Does Hand Grip Help With Arthritis? 9 Exercises for Hands

Does hand grip help with arthritis?
Hands are one of the most used parts of the body and almost every action is accompanied by stiffness or pain.

Because your hands are engaged in multiple functions every day, hand strength is a powerful predictor of your overall capacity to function and how severe your arthritis is.

Strengthening grip is a simple method to keep the joints, muscles, and bones functioning properly. Furthermore, studies show that a firm grasp is a predictor of general health and lifespan.

How does arthritis affect your hands?

Arthritis of any type can affect small joints of your hands, which may be quite frustrating. Hands are one of the most used parts of the body and almost every action is accompanied by stiffness or pain, which can be extremely challenging.

Hand arthritis causes:

  • The decline in grip strength.
  • Problems doing daily chores.
  • A loss of productive work time.
  • Diminished capacity to execute manual activities.

Why is hand grip important?

Many ordinary activities, particularly those involving grasping, lifting, tugging, and transporting items require hands. Strong muscles and healthy joints in the hands, wrists, and forearms play an important part when you are lifting a sofa, walking the dog, opening a jar, or swinging a golf club.

Grip strength is an excellent indicator of lifespan. Research has proven that grip is a stronger predictor of all-cause and cardiovascular-related mortality than systolic blood pressure.

One of the most important management measures for arthritis is to preserve the grip while avoiding overstressing the joints. Instead of doing nothing, modify the way you use your hands.
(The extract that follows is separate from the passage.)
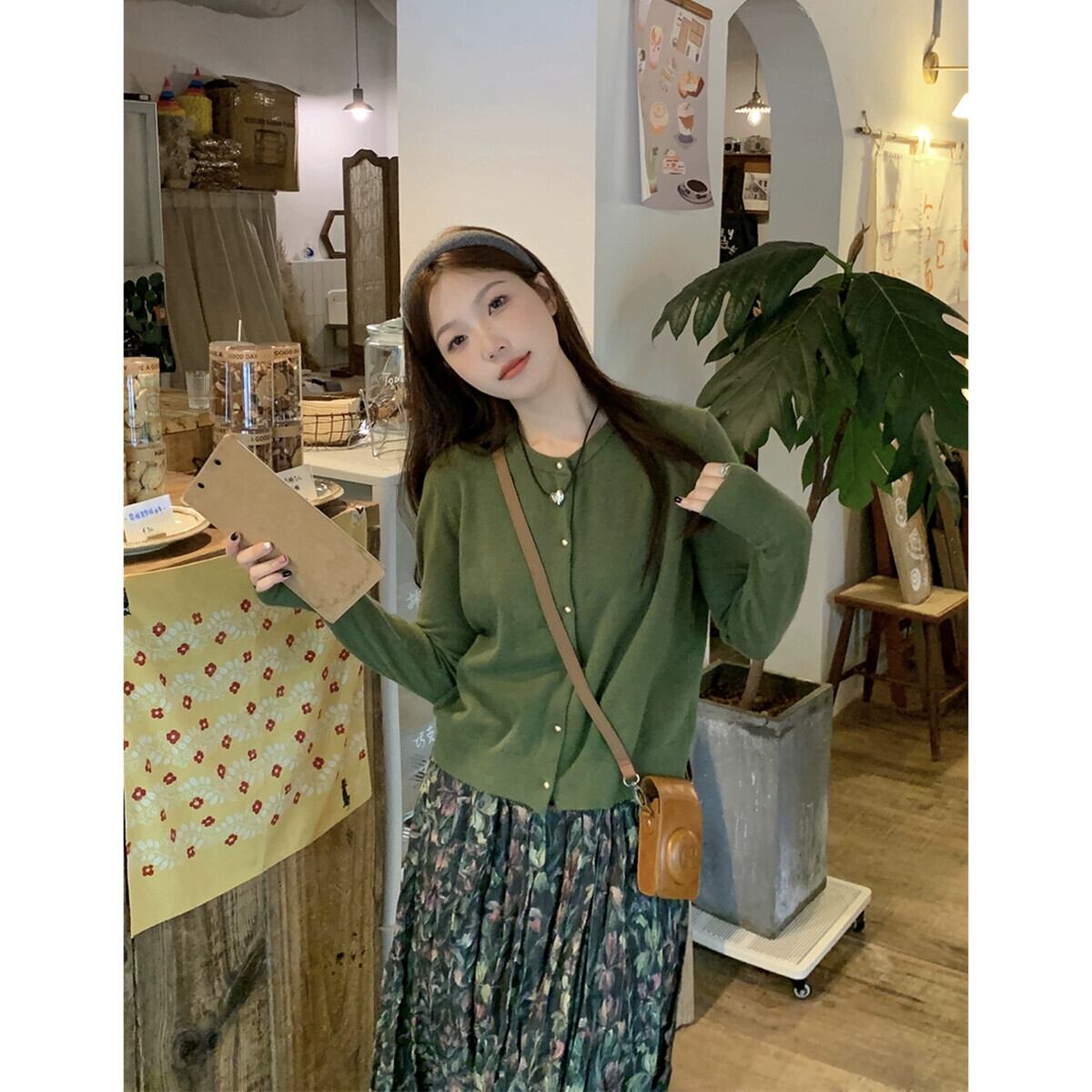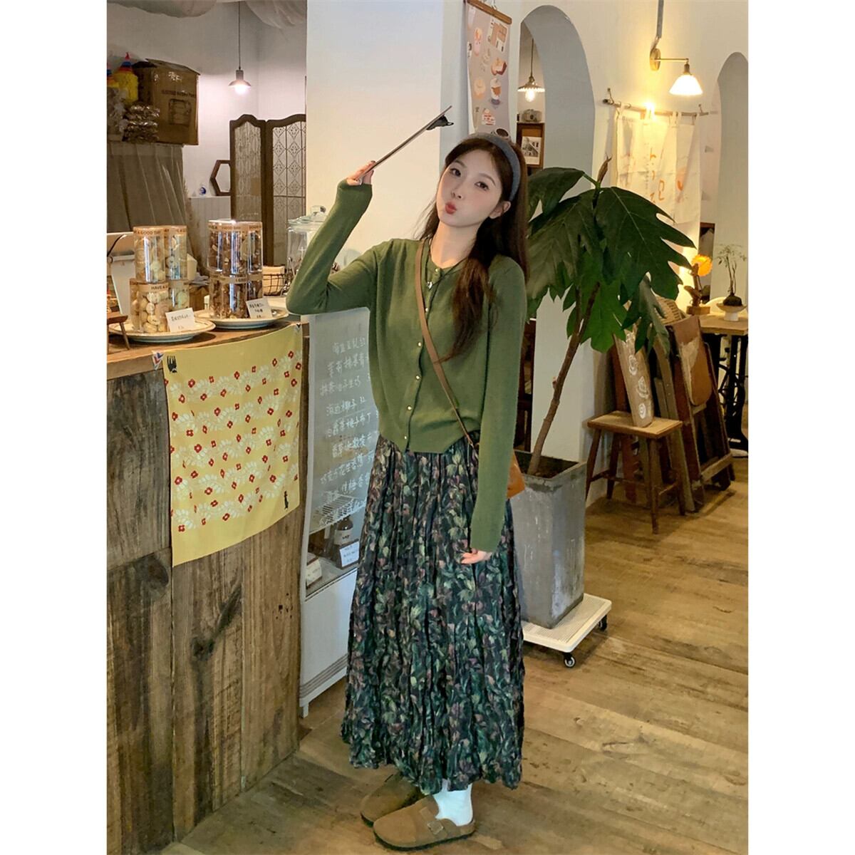 色:緑のセーター,グリーンフローラルスカート,ウコンセーター,黄色い花のスカート

9 ways to build up grip strength

Most cases of handgrip weakness may be treated at home with immobilization, over-the-counter medicines, and exercise.

  1. Wrist extension
    • Hold one arm out in front of you at shoulder height.
    • Make a stop sign with your hand and slowly draw the palm back toward your body with your other hand. A stretch should be felt in your inner forearm.
    • Hold for 10 seconds, then relax and repeat on each side five times. You may use this as a warmup before performing grip workouts.
  2. Wrist flexion
    • Hold one arm out in front of you at shoulder height.
    • With your palm facing away from your body and your fingers pointing down, gradually bring the palm back toward your body with your other hand. This should be felt in your outside forearm.
    • Hold the stretch for 10 seconds, then rest before repeating it five times on each side.
  3. Full finger extension
    • You may perform this exercise by slowly creating a fist and then slowly expanding and stretching your fingers as wide as you can.
    • Return to the starting position after three to five seconds. However, to truly enhance your strength, you must practice with resistance. The continuous degree of resistance throughout the whole range of motion will put your intrinsic and extrinsic extensors to the test. This will provide you the opportunity to focus on increasing your range of motion, dexterity, and control.
  4. Thumb touches
    • Connect the tips of each finger to your thumb, one at a time, to form an O shape.
    • Repeat as needed. You may use various tools to enhance the range of motion in your thumb and fingers while training your forearm flexor and extensor muscles. Building strength in this manner will go a long way toward relieving pain.
  5. Pinching
    • In contrast to the fingers, pinching entails holding something with the thumbs. This can be both static and dynamic.
    • Static refers to no movement, such as clasping aboard, and dynamic refers to action, such as gripping the clamp handles with force.
  6. Supporting
    • Supporting involves raising something, usually in an isometric fashion, such as deadlifts, rows, and kettlebell exercises, with the fingers bearing most of the weight.
    • It is worth mentioning that supporting demands you to wrap your fingers tightly around the handle. If the handle is wide enough to allow a space between the fingers and thumb, it is referred to as open hand support.
  7. Battle ropes
    • Battle ropes are commonly used for muscular and cardiovascular fitness, yet for some even holding onto the ropes may be difficult.
    • Grasp one end of the rope in each hand and experiment with double waves (moving both arms up and down quickly) and alternating waves (raising one arm while lowering the other).
  8. Dead hang
    • Try dead hangs or pull-up holds at a playground if you have access to a pull-up bar or monkey bars.
    • To do a dead hang, jump or step up to grab both hands on the bar.
    • Hang straight-armed for as long as possible, taking care to retract your scapula to drag your shoulders down and back away from your ears.
    • Make the hang more difficult by performing a pull-up and remaining in the top position.
  9. Over-the-counter medications
    • Non-steroidal anti-inflammatory drugs (NSAIDs), such as ibuprofen, naproxen, or aspirin, may help alleviate symptoms of hand weakness caused by inflammation or discomfort. These drugs are frequently used to treat the symptoms of arthritis and other inflammatory disorders, but they do not address the underlying source of the problem.